Start of Data excerpt
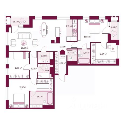 4-комн. квартира с предчистовой отделкой в Кварталы "На Минской" на 7 этаже. Общая площадь: 197.13 кв.м. Высота потолков 2.7 м. Дом монолитный, многоподъездный, переменной этажности, от 7 до 11 этажей. Квартира находится в 9-й секции высотой 7 этажей в корпусе 2. На этаже 7 квартир. В подъезде 1 пассажирский и 1 грузовой лифт. Окончание строительства - 1 квартал 2027 года. Оформление сделки по договору долевого участия. Квартира с кухней-гостиной и четырьмя спальнями в кварталах "На Минской". Особенности планировки: балкон, вид во двор, гардеробная, мастер-спальня, окна в пол, постирочная, потолки 3 м и выше, предчистовая отделка, рабочий кабинет, разнесённые спальни, терраса на крыше. квартиры в нашей базе: МНС02-Ж9.7.1. В сердце города Кварталы "На Минской" находятся в самом центре. За десять минут можно дойти до площади 400-летия Тюмени и Большого Драматического театра, Тюменского индустриального и медицинского университетов, спортивного комплекса "Строймаш", ТРЦ "Гудвин" и "Премьер", Тюменского технопарка. Поблизости много детских садов, школ и поликлиник. Пространство разного опыта Создавая кварталы "На Минской" мы вдохновлялись Хакскими дворами в Берлине и улицей Давида Агмашенебели в Тбилиси. И первые и вторая — яркие разнообразные пространства, сформированные прогрессивными архитекторами и притягивающие городских интеллектуалов. Престижная недвижимость здесь соседствует с барами, ресторанами, креативными кластерами и бюро, дизайнерскими лавками. Полезные улицы Кварталы "На Минской" свяжет сеть променадов, автомобильных проездов и велодорожек. Уличный фронт проекта мы сформируем с помощью аллейной посадки деревьев. Они создадут тень для ресторанов и кафе на первых этажах, визуально отделят проезжую и пешеходную части, снизят объём пыли и уровень шума. Мы реализуем проект в районе с развитой базовой инфраструктурой. И поэтому тщательно подошли к программированию коммерции, посчитав, что её основная задача — "закрывать" более высокие потребности жителей. Здесь может появиться пекарня с вкусными круассанами, турагентство на случай, если захочется перезимовать в Сочи, массажный кабинет, ресторан, когда надоело есть дома и многое другое. #zstAd9
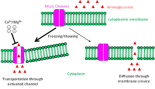 细菌耐药是全球面临的重大公共卫生问题,增强传统抗生素的杀菌效率是应对细菌耐药的重要策略。付新苗领导的细菌耐药研究团队,以氨基糖糖苷类抗生素为重点,特别是针对九游在线王岳教授于1966年发现的庆大霉素(这是中华人民共和国成立以来少数几个标志性的医药成果之一),发展了多种增效减毒的方法。此次报道的快速冰冻方法(液氮,10秒),能将多种氨基糖苷类抗生素的杀菌效率提高百倍到百万倍不等,同时其药物暴露时间降低到一分钟,并在小鼠模型上得到了验证。进一步,作者揭示了该方法的工作机理在于激活了机械敏感离子通道(Mechanosensitive Ion Channel),后者能有效摄取抗生素分子,如下图所示。
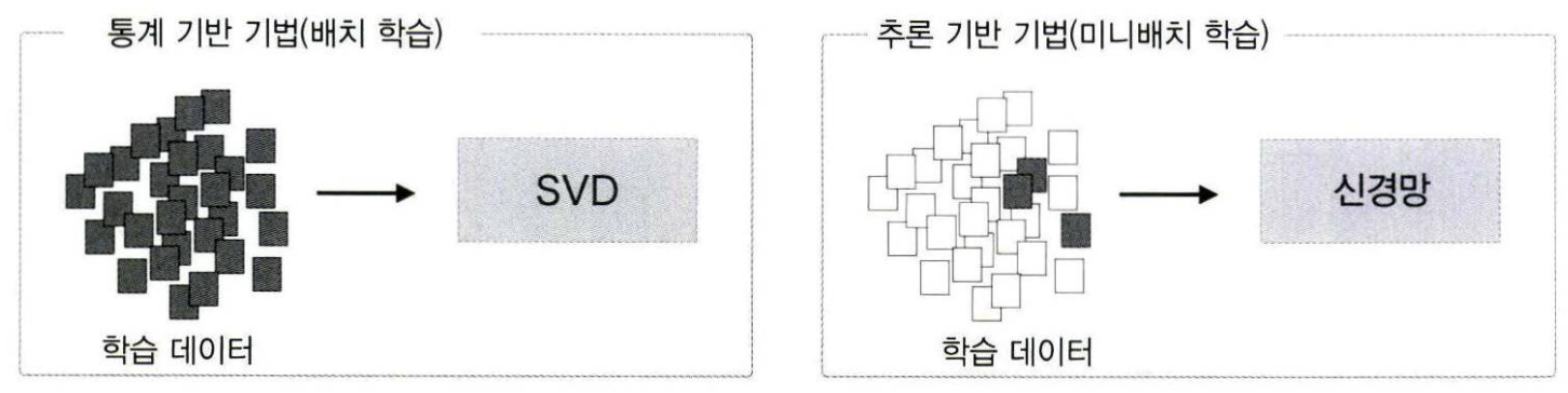 최근에 GPU의 발전으로 인해 미니배치 학습의 효율이 올라가면서 추론 기반 기법이 큰 호응을 얻고 있습니다.
End of Data excerpt
→ Aim of the task
The listing above needs to be output again exactly. Don't include the pictures.

→ Result of this task
 4-комн. квартира с предчистовой отделкой в Кварталы "На Минской" на 7 этаже. Общая площадь: 197.13 кв.м. Высота потолков 2.7 м. Дом монолитный, многоподъездный, переменной этажности, от 7 до 11 этажей. Квартира находится в 9-й секции высотой 7 этажей в корпусе 2. На этаже 7 квартир. В подъезде 1 пассажирский и 1 грузовой лифт. Окончание строительства - 1 квартал 2027 года. Оформление сделки по договору долевого участия. Квартира с кухней-гостиной и четырьмя спальнями в кварталах "На Минской". Особенности планировки: балкон, вид во двор, гардеробная, мастер-спальня, окна в пол, постирочная, потолки 3 м и выше, предчистовая отделка, рабочий кабинет, разнесённые спальни, терраса на крыше. квартиры в нашей базе: МНС02-Ж9.7.1. В сердце города Кварталы "На Минской" находятся в самом центре. За десять минут можно дойти до площади 400-летия Тюмени и Большого Драматического театра, Тюменского индустриального и медицинского университетов, спортивного комплекса "Строймаш", ТРЦ "Гудвин" и "Премьер", Тюменского технопарка. Поблизости много детских садов, школ и поликлиник. Пространство разного опыта Создавая кварталы "На Минской" мы вдохновлялись Хакскими дворами в Берлине и улицей Давида Агмашенебели в Тбилиси. И первые и вторая — яркие разнообразные пространства, сформированные прогрессивными архитекторами и притягивающие городских интеллектуалов. Престижная недвижимость здесь соседствует с барами, ресторанами, креативными кластерами и бюро, дизайнерскими лавками. Полезные улицы Кварталы "На Минской" свяжет сеть променадов, автомобильных проездов и велодорожек. Уличный фронт проекта мы сформируем с помощью аллейной посадки деревьев. Они создадут тень для ресторанов и кафе на первых этажах, визуально отделят проезжую и пешеходную части, снизят объём пыли и уровень шума. Мы реализуем проект в районе с развитой базовой инфраструктурой. И поэтому тщательно подошли к программированию коммерции, посчитав, что её основная задача — "закрывать" более высокие потребности жителей. Здесь может появиться пекарня с вкусными круассанами, турагентство на случай, если захочется перезимовать в Сочи, массажный кабинет, ресторан, когда надоело есть дома и многое другое. #zstAd9
 细菌耐药是全球面临的重大公共卫生问题,增强传统抗生素的杀菌效率是应对细菌耐药的重要策略。付新苗领导的细菌耐药研究团队,以氨基糖糖苷类抗生素为重点,特别是针对九游在线王岳教授于1966年发现的庆大霉素(这是中华人民共和国成立以来少数几个标志性的医药成果之一),发展了多种增效减毒的方法。此次报道的快速冰冻方法(液氮,10秒),能将多种氨基糖苷类抗生素的杀菌效率提高百倍到百万倍不等,同时其药物暴露时间降低到一分钟,并在小鼠模型上得到了验证。进一步,作者揭示了该方法的工作机理在于激活了机械敏感离子通道(Mechanosensitive Ion Channel),后者能有效摄取抗生素分子,如下图所示。
 최근에 GPU의 발전으로 인해 미니배치 학습의 효율이 올라가면서 추론 기반 기법이 큰 호응을 얻고 있습니다.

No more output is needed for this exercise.